[Start of Attachment]
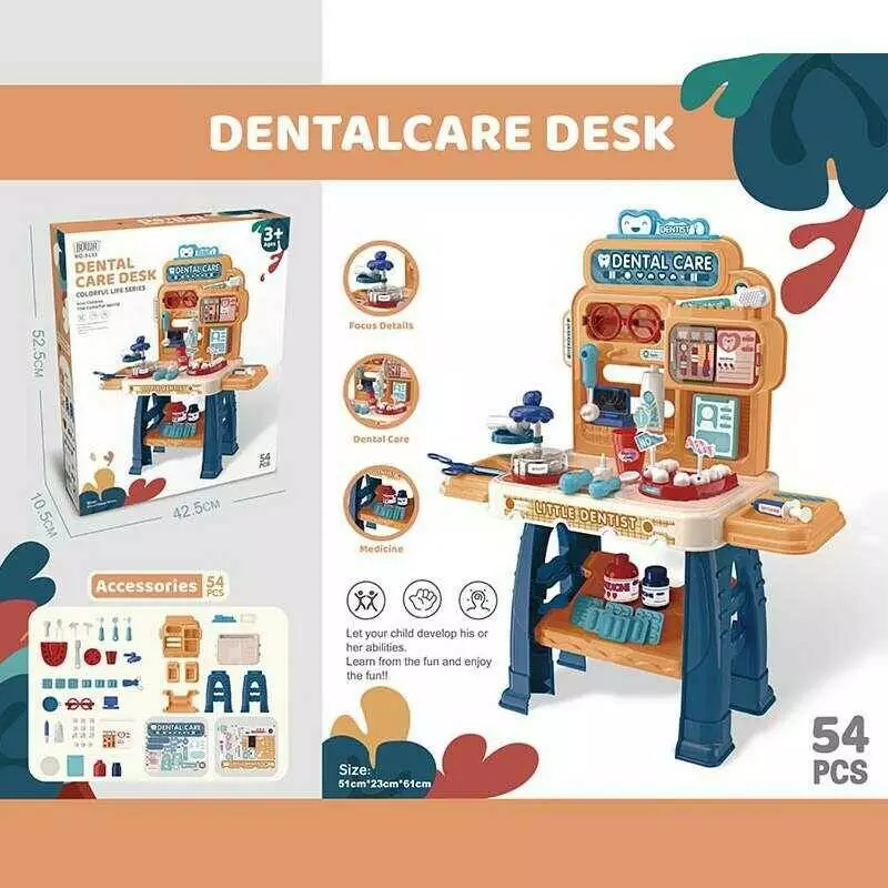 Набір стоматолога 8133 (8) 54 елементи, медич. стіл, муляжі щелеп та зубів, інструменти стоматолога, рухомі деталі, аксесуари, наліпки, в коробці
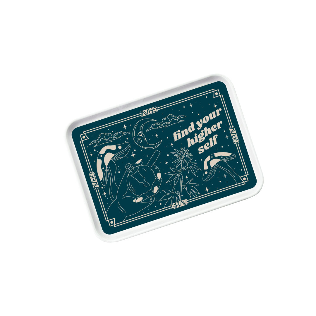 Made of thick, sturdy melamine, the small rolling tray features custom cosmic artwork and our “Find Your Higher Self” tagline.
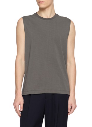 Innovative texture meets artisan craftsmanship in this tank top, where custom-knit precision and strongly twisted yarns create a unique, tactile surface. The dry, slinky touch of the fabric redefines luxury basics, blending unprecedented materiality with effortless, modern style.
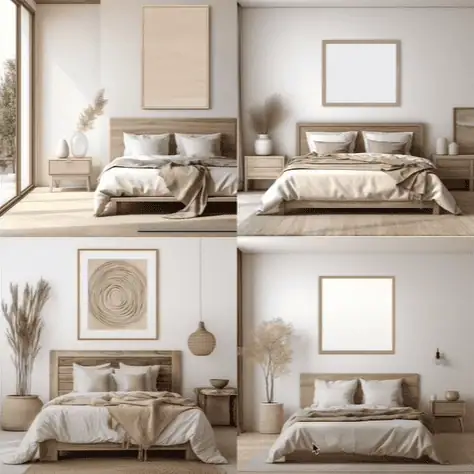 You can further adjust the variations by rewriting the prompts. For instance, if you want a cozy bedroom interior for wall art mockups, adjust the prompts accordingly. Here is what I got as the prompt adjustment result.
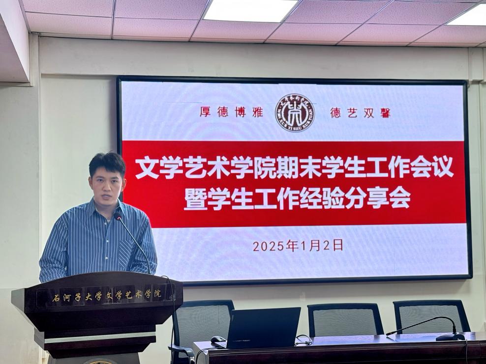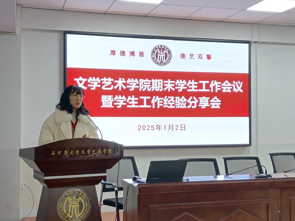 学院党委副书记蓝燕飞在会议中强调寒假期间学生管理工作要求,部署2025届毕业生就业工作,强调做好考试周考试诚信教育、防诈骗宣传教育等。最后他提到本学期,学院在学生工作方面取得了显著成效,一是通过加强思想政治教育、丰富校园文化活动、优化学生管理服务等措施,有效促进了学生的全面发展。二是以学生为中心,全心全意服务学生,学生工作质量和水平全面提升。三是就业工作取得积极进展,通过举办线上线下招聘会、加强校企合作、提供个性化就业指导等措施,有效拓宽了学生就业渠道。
[End of Attachment]
Task requirements =
Write out the data above in full and exactly, but without the pictures.

Response area =
 Набір стоматолога 8133 (8) 54 елементи, медич. стіл, муляжі щелеп та зубів, інструменти стоматолога, рухомі деталі, аксесуари, наліпки, в коробці
 Made of thick, sturdy melamine, the small rolling tray features custom cosmic artwork and our “Find Your Higher Self” tagline.
 Innovative texture meets artisan craftsmanship in this tank top, where custom-knit precision and strongly twisted yarns create a unique, tactile surface. The dry, slinky touch of the fabric redefines luxury basics, blending unprecedented materiality with effortless, modern style.
 You can further adjust the variations by rewriting the prompts. For instance, if you want a cozy bedroom interior for wall art mockups, adjust the prompts accordingly. Here is what I got as the prompt adjustment result.
 学院党委副书记蓝燕飞在会议中强调寒假期间学生管理工作要求,部署2025届毕业生就业工作,强调做好考试周考试诚信教育、防诈骗宣传教育等。最后他提到本学期,学院在学生工作方面取得了显著成效,一是通过加强思想政治教育、丰富校园文化活动、优化学生管理服务等措施,有效促进了学生的全面发展。二是以学生为中心,全心全意服务学生,学生工作质量和水平全面提升。三是就业工作取得积极进展,通过举办线上线下招聘会、加强校企合作、提供个性化就业指导等措施,有效拓宽了学生就业渠道。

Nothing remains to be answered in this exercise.